ABSTRACT

Apart from being the name of one of Iran's 25 provinces, Kurdistan exists largely as a cultural, and increasingly political, abstract. It exists as a region within the hearts and minds of the majority of Kurds, and their sympathizers, yet this region is unlikely to be found on any academic maps, and will certainly not be found on any maps produced by the government agencies of the four countries that Kurdistan overlaps. Kurdistan's existence as a discrete area containing a fairly homogeneous population of Kurdish-speaking Indo-Europeans, cannot be doubted. Indeed such an area has been recognized, documented and mapped by outsiders for over 100 years.1 The Sharafnameh, an epic history of the Kurdish people between 1290 and 1596, written by Sharaf Khan Bitlisi in 1596, probably contained the first indigenous attempt at defining the limits of Kurdistan.2 Since the 1940s, attempts have also been made by certain Kurds themselves to map the region, culminating in the adoption of a stylised map of Greater Kurdistan.
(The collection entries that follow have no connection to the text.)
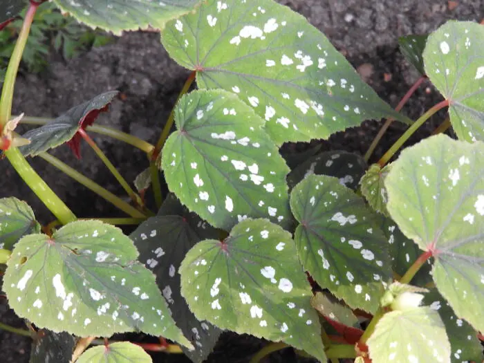 Is een (half)winterharde begonia met prachtige bladeren. Het blad is groot, blauwgroen met zilveren vlekjes en met een roestkleurige onderkant. Vooral prachtig als er zon door het blad schijnt.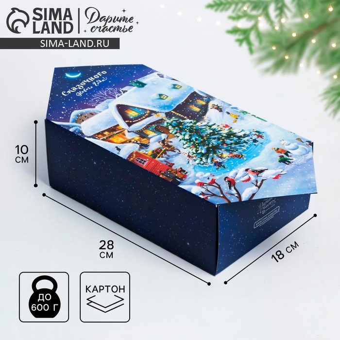 Коробка - конфета подарочная новогодняя складная «Новогодняя деревушка», 18 х 28 х 10 см, Новый год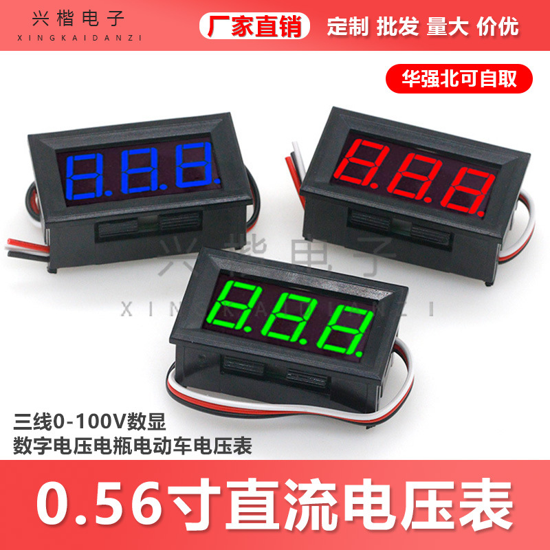 二线直流数显电压表头0.56寸LED数字电压表DC5V-120V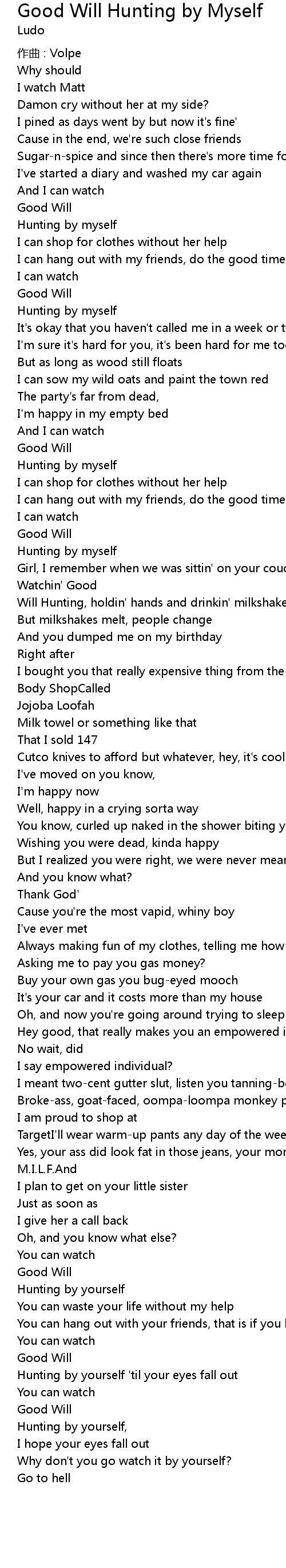 | Hunting by yourself, | |

This map has become almost an inalienable part of the Kurdish nationalist mythology, to the extent that many Kurds seriously believe that the area traditionally inhabited by Kurds reaches to one or more seas, giving essentially landlocked Kurdistan port cities.3 It is this question of the extent of the area that can be defined as Kurdistan and of its exact borders that is probably the most vexing even for Kurds. Kurds share, since the time of the venerable Sharaf Khan, a predilection for exaggerating their numbers and their area of habitation, both historically and in the present time. Their host countries, currently Iran, Iraq, Syria and Turkey, similarly share a predilection for underestimating and even falsifying the Kurds' numbers and habitat. All of these states have at various times made their own attempts at reducing the Kurdish population, either absolutely or just within the zone of Kurdistan itself.